Original: Little sister taste (wechat public ID: XJjdog), welcome to share, reprint, please keep the source.

New in 2020, the description of some components has been updated. The 19 year article is here. If you work on selection, or want to learn about some of the technologies that are popular right now, this article is for you.

This article covers 14 areas and covers hundreds of frameworks and tools. There will be some you like, and probably some you hate. This is one of the most common tools I work with on a regular basis, and it applies to companies large and small. If you have a better one, please leave a comment.

1, Message queue 2, Cache 3, Library Sub-table 4, Data synchronization 5, Communication 6, Micro service 7, distributed tool 8, monitoring system 9, scheduling 10, entry tool 11, OLT (A) P 12, CI/CD 13, Problem investigation 14, local toolCopy the code

1. Message queue

  • √ recommended :(1) throughput is preferredkafka
  • (2) Stability is preferredRocketMQ
  • (3) Internet of Things:VerneMQ

A large distributed system is usually asynchronous and runs on a message bus. As the most important basic component, message queue plays an important role in the whole architecture. Asynchrony usually means a change in the programming model, with less timeliness.

Kafka is by far the most commonly used message queue, especially for big data, with extremely high throughput. Rocketmq and RabbitMQ, which are carrier-level message queues, are more commonly used in services. In comparison, ActiveMQ is the least used and belongs to the older generation of message frameworks.

Pulsar is a young messaging system designed to solve some of the problems on Kafka. It has a limited toolchain. Some radical teams have tried it out and been well received, but not many have actually used it.

MQTT is a protocol, mainly used in the Internet of things, can two-way communication, belongs to the category of message queue, recommended to use VerneMQ.
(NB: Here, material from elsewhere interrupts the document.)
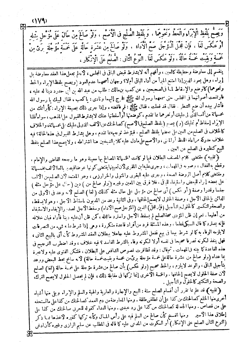 تنبيه قد علم مما تقرر أن أقسام الصلح ستة البيع والإجارة والعارية والهبة والسلم والإبراء

Related articles: “Holistic” distributed Messaging Systems, Design essentials. “Kafka” 360 degree test: Kafka will lose data? Does its high availability meet requirements? “Kafka” uses multithreading to increase Kafka’s consumption power “AMQ” ActiveMQ architecture design and best practices, requires 10,000 words “MQ” open source a Kafka enhancement: OKMQ-1.0.0

Second, the cache

  • √ recommended :(1) use the default cache in the heapcaffeine
  • (2) Distributed cache adopts redis cluster mode, but pay attention to the restrictions

Data cache is an effective way to reduce the pressure on the database, there are stand-alone Java internal cache, and distributed cache.

For standalone, Guava’s LoadingCache and EhCache are familiar, but SpringBoot chose Caffeine as its default in-heap cache because Caffeine is faster.

For distributed caches, the preferred option is Redis, don’t hesitate. Since Redis is single-threaded (6.0 supports multithreading but is disabled by default), it is not suitable for time-consuming operations. So for some large data caches, such as images, videos, etc., using memcached is much better.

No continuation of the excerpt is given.